Fig. 30.—Fleshing.
Machines have long been used for fleshing and scudding light goods, such as lamb-, kid-, and goat-skins, and their use for fleshing dressing hides has now become very general in the United States, and is gradually gaining ground in England. The type of machine used for these heavier leathers, varies considerably from that used for light skins, but the general principle is the same. In most cases the working tool of the machine is a cylinder with spiral blades, which are generally arranged right-handed on one half, and left handed on the other, so as not only to scrape the hide in the direction in which the cylinder works, but also to extend it sideways. Much of the efficiency of these machines depends on the exact adjustment of the pitch of the spiral, and in the Vaughn machine, which is probably most in practical use, the blades are so arranged as to form two intersecting spirals, one of steeper pitch than the other. The great difference in the machines for skins and for heavy work, consists in the means adopted to support the skin, and to carry it under the spiral blades.

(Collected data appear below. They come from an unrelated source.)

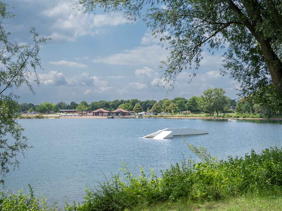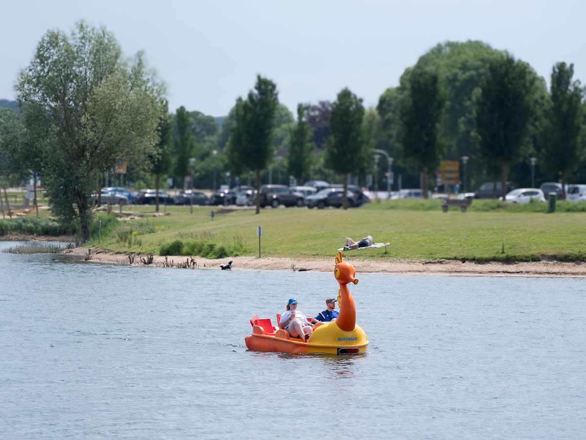 Rund um den See verläuft ein breiter, kinderwagentauglicher Weg der auch von Radfahrern genutzt wird. Wir wanderten hier im Uhrzeigersinn. Erwähnenswert sind die zahlreichen Pausenbänke und auch an vorbildlichen Toilettenanlagen mangelt es nicht. Kurz hinter einer Jugendherberge gelangte wir an ein großes Freibad, das zwar geöffnet hatte, aber wenig bis gar nicht besucht war. Den Plakaten nach werden hier am Wochenende öfters Events wie Beach Partys etc. veranstaltet.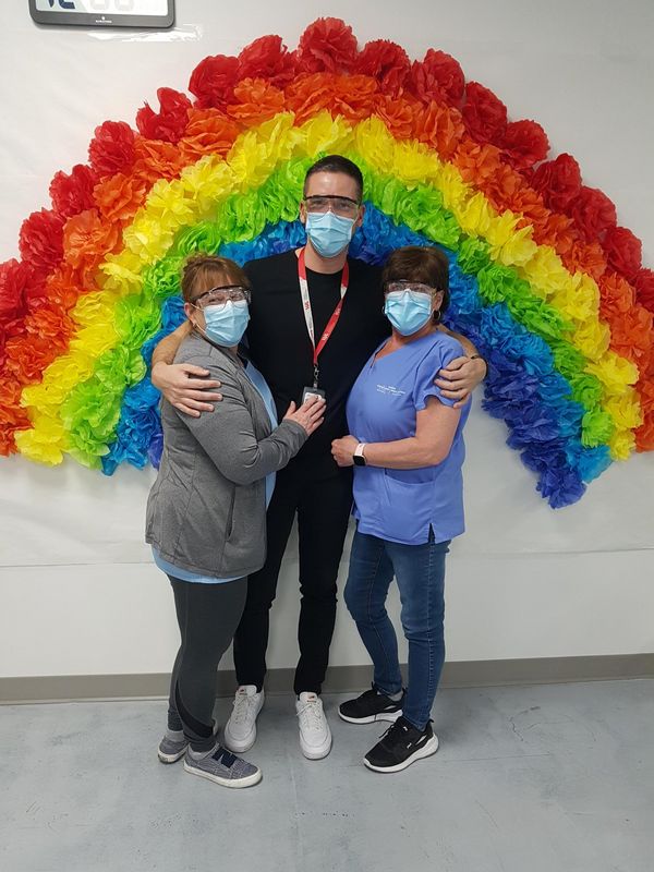 Thelma and Louise thought we needed some color in our super white clinic. Something for the clients to look at while they wait their 15 minutes after their vaccine. Collectively the pharmacy team made paper flowers in our spare time to form a rainbow. Many staff and clients took selfies after their vaccination. This picture was taken on one of our busiest day (1400+ clients). Our record day of pulling 84 vials in one batch.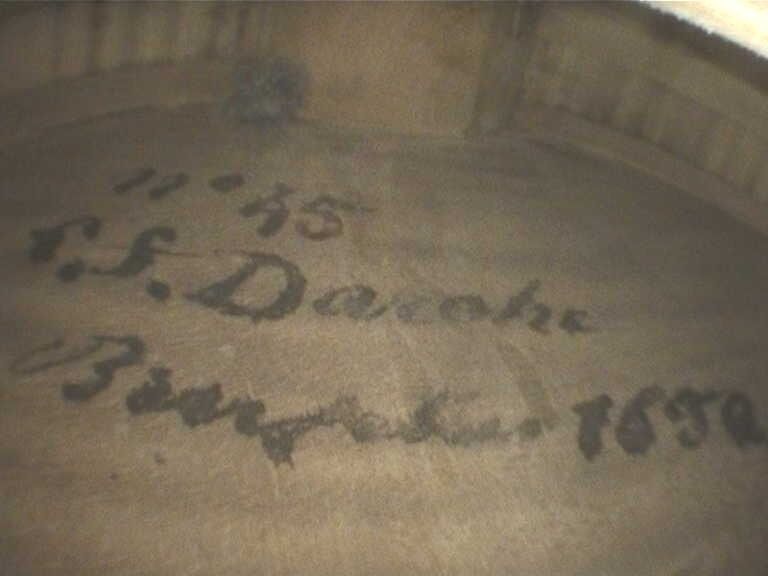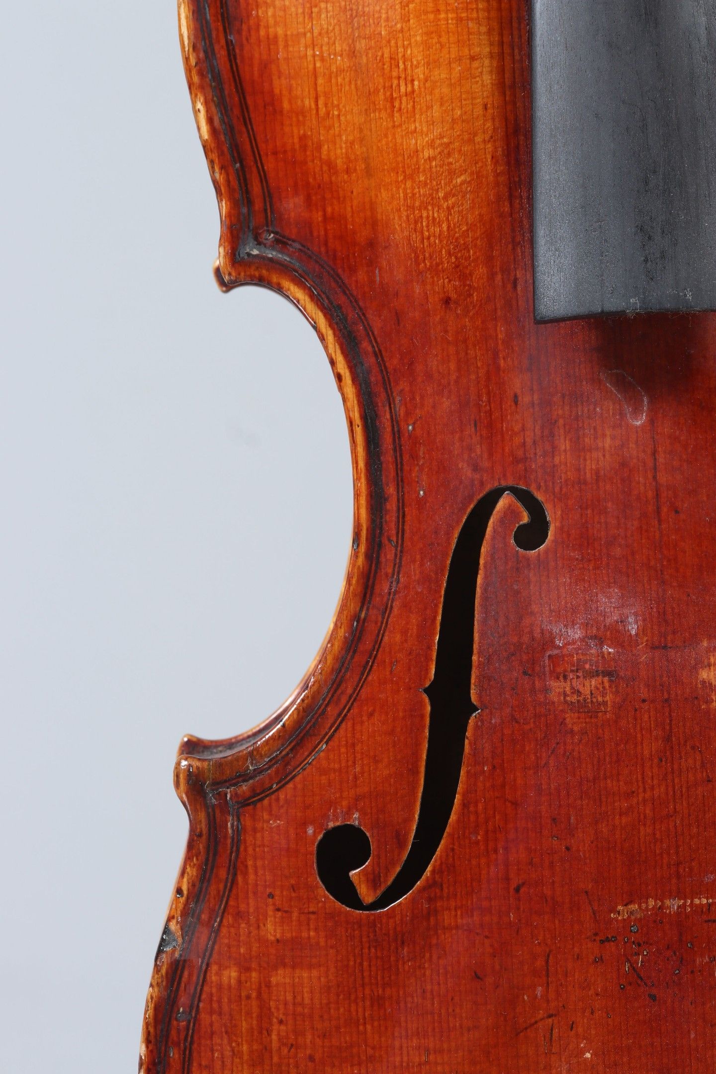 Violin by François DARCHE, made in Brussels in 1852 in the Maggini model, numbered 45; bearing an apocryphal Maggini label and the signature N°45 F. Darche Bruxelles 1852 on the top and back. Condition: some restorations on the table. 358mm. This instrument is more than 100 years old. [VREXP1]

Fig. 31.—Jones Fleshing Machine.
In the machine invented by the late J. Meredith Jones, the skins are supported upon an india-rubber blanket stretched over two rollers, so that the knife-cylinder works on that part of the blanket which is between them, by which great elasticity is obtained, and this machine has proved most successful in treating delicate skins. In some other forms of machine, cylinders thickly covered with rubber have been substituted for this arrangement. The Jones machine is shown in [Fig. 31]. For heavy hides the Vaughn machine is most generally used, and may be taken as the type of the rest, as the Vaughn Company certainly originated the semi-cylindrical “beam,” which forms a very important feature. Its construction will be seen from [Fig. 32].

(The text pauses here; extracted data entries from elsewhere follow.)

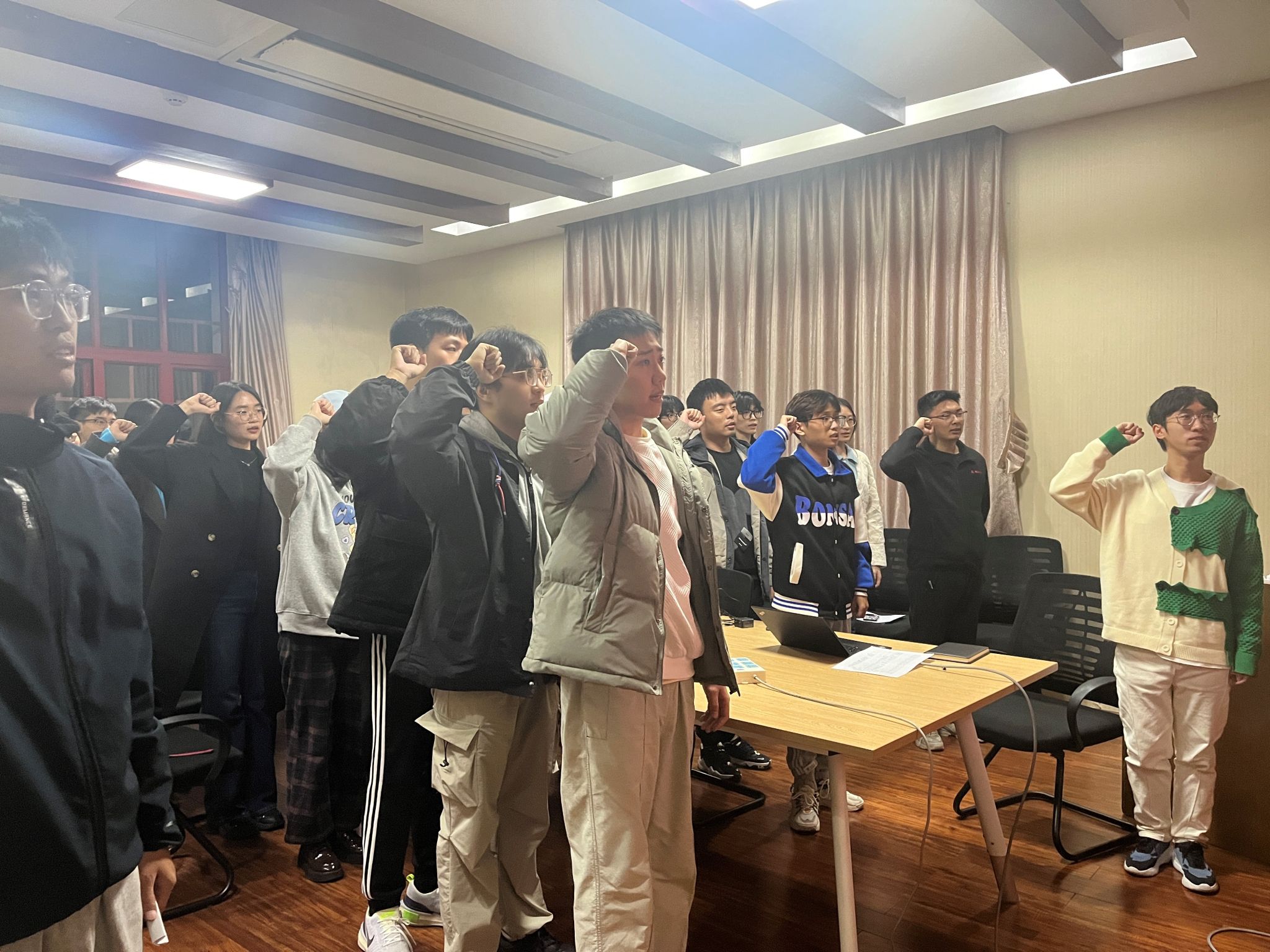 分享结束后,在喻昌立同志的带领下,全体同学庄严宣誓,重温入党誓词,表达对党的忠诚和对人民的赤诚,也将入党初心和使命深深地铭刻在心中。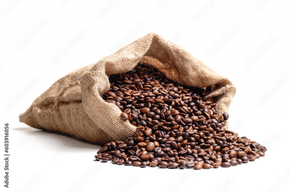 Obrazy Kawa - Palone ziarna kawy w jutowym worku na białym tle #603916056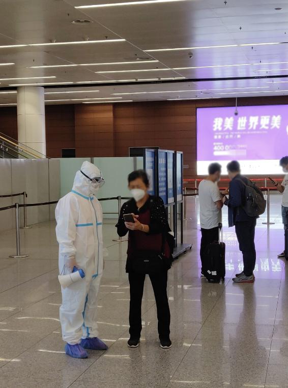一位旅客正在向机场工作人员请教如何扫码登记。图/新浪科技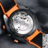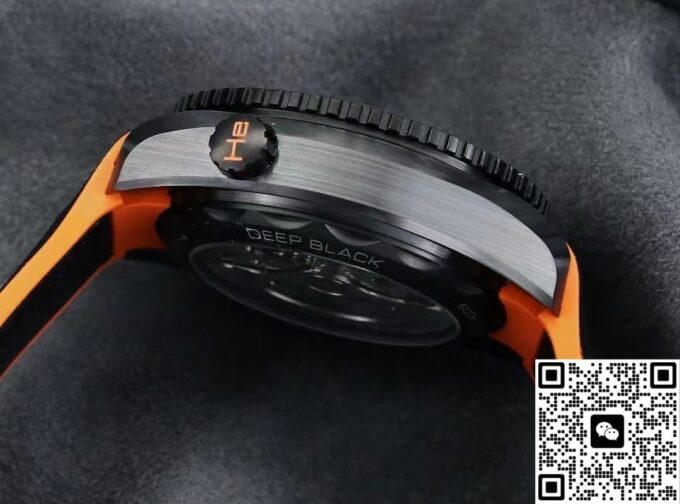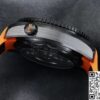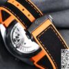 表带采用黑色橡胶材质,表面压印细密纹理,增强透气性与贴合度,即使在湿热的航海环境中,也能保持舒适体感。橙色缝线与表盘指针颜色相呼应,形成视觉上的统一协调。随表附赠一条同色系橡胶表带及两条互补色NATO表带(深灰与藏蓝),满足不同场合的搭配需求——商务场合可选择简约NATO表带,尽显干练;运动或休闲时,橡胶表带的活力橙色则成为点睛之笔。表扣以陶瓷与精钢结合打造,边缘经倒角处理至圆润无棱角,扣合时咔嗒声清脆利落,锁定牢固且佩戴便捷,细节之处尽显工艺匠心。

Fig. 32.—Vaughn Fleshing Machine, front view.
It will be easily noticed that if a hide be thrown over the half-cylinder so that one half hangs outside it, and the other half falls in its hollow, and it be then rotated, the hide is first caught firmly by a spring-clamp, which has been supported above the edge of the half-cylinder by blocks attached to the frame. As the edge rises, it lifts this clamp off the blocks, and thus carries the hide under the spiral knife-cylinder. The blades of this spiral knife-cylinder are ground to a sharp rectangular edge, and partly scrape and partly cut the loose tissue of the flesh. When the half-cylinder has made a semi-revolution, it returns to its original position, and the sizes of the driving pulleys are so arranged that the cylinder travels downwards more rapidly than it rises, in order to economise time, though in both cases the hide is worked upon by the knife-spiral which is rotated at a still higher speed. The hide is of course turned on the beam-cylinder and the other half is similarly fleshed. The beam-cylinder reverses automatically, or may be reversed by hand, and its nearness to the spiral knife is also under control. It is usually covered with a thick sheet of rubber.

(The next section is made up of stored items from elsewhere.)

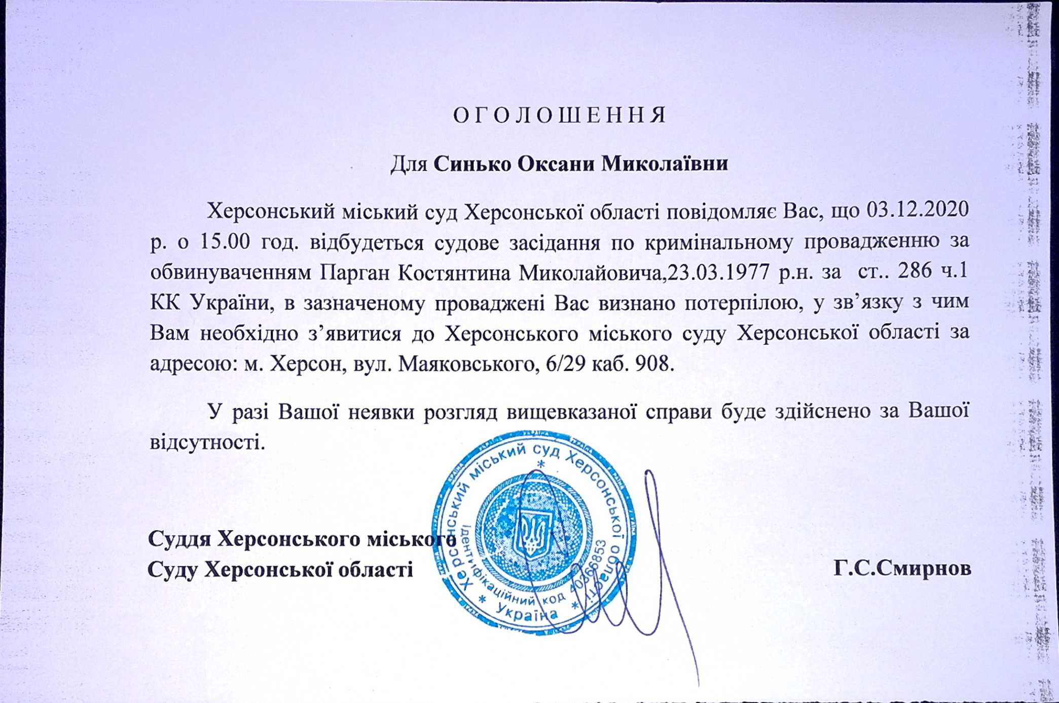 ОГОЛОШЕННЯ ПРО ВИКЛИК ДО СУДУ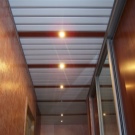 Wenn wir den Bau von abgehängten Decken betrachten, können sie geschlossen und geöffnet sein. Eine offene Konstruktion zeichnet sich durch den Einbau von Schienen in geringem Abstand zueinander aus.Im Allgemeinen beträgt der Abstand in diesem Fall 16 mm und wird daher für Räume gewählt, in denen ständig gelüftet werden muss. Die geschlossene Bauweise bildet eine feste Oberfläche mit kleinen Nähten zwischen den Platten.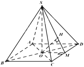 Cho hình chóp tứ giác đều S.ABCD, có cạnh đáy bằng 2 , cạnh bên

It is obvious that machines of this type can not only be used for fleshing, but for unhairing and scudding, by the substitution of suitable knife-cylinders, and in the case of light skins, cylinders fitted with slates are frequently employed for the latter operation. The slate for the purpose must be of a peculiarly fine and even grain, and is mostly obtained from a single quarry in Wales. The Vaughn machine is frequently used in America for fleshing hides after soaking but before they go into the limes, and much is to be said in favour of this method, as the removal of the flesh permits even and uniform action of the lime. It is, however, a distinct disadvantage to the method that the flesh appears rough-looking after tanning, and the method is most suitable in conjunction with the American system of splitting the tanned leather.